*Given data:*
# # # # #

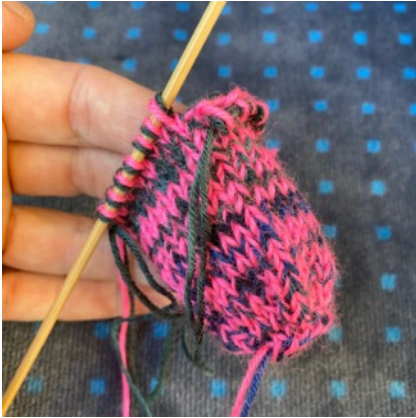
les 7 dernières mailles sur 1 aiguille
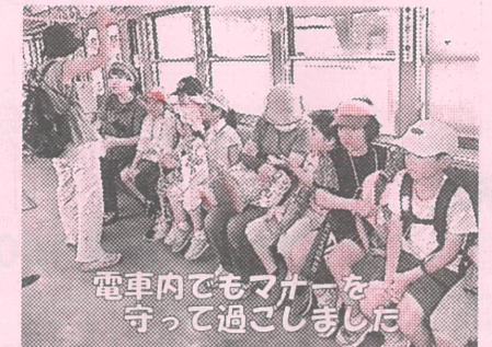
電車内でもマナーを守って過ごしました
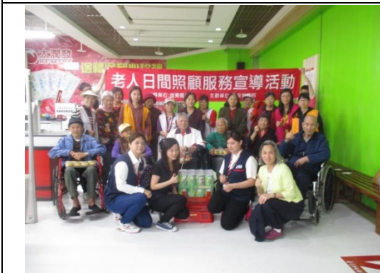
家屬支持暨宣導活動

# # # # #

*What to work on:* What you return must match the data above exactly, with no images included.

*Result for this task:*
les 7 dernières mailles sur 1 aiguille
電車内でもマナーを守って過ごしました
家屬支持暨宣導活動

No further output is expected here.